D is for
DESCARTES
In his Meditations Renee Descartes famously sets out to find a trustworthy ground for knowledge. That is he is looking for the certain, the indubitable and (of course) sets out to find it by trying to doubt everything and begin anew, counting only on what cannot be doubted. In 1637 he formulated that in French: je pense, donc je suis, a few years later he’d say it in latin with his famous Cogito ergo sum (usually translated: “I think therefore I am”). Just shy of 300 years later Husserl would provide a more intentional version saying: Ego cogito cogitatum (I think thoughts).
DESTRUCTURING
Fragmentation or disintegration of a structure, in which the tendency of the process that gave it origin is discontinued. In a closed system, the disarticulation of both a structure and its environment is correlated so as not to allow for the new surpassing the old
Based on the definition found in The Dictionary of New Humanism, in Silo; Collected Works Vol 2.
DISCRIMINATION
(L. discriminare, to separate, differentiate). d. designates a form of treating persons, organizations and states as inferior due to factors such as race, ethnicity, gender, age, culture, ideology, etc.
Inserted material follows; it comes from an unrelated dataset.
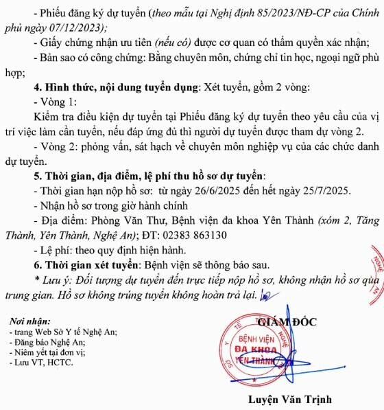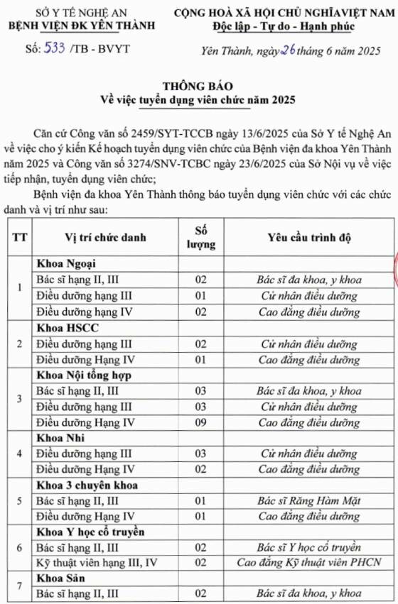 Bệnh viện đa khoa Yên Thành, Nghệ An tuyển dụng viên chức năm 2025

A premeditated depriving or curtailing of rights and privileges. One form of political d. is the restriction of a person’s or group’s right to vote or to be elected to public office.
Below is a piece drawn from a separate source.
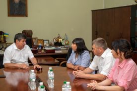 В ході візиту відбулася зустріч представників обласної влади з керівництвом ТДАТУ: ректором університету Володимиром Кюрчевим, проректором з НПР Олександром Ломейко та деканами факультетів Сергієм Кюрчевим, Ганною Ортіною і Іриною Івановою.

Any overt or covert act of differentiation or segregation, of an individual or human group, that entails the negation of their intentionality and freedom is d. Such d. is always accompanied by affirming a difference with this person or group based on special attributes, virtues, or values that the parties exercising d. claim for themselves. Such a procedure is correlated with an objectifying “look” (a sensibility or an ideology) vis à vis human reality.
N.H. condemns d. in all its manifestations and in every case calls for its exposure.
Based on the definition found in The Dictionary of New Humanism, in Silo; Collected Works Vol 2.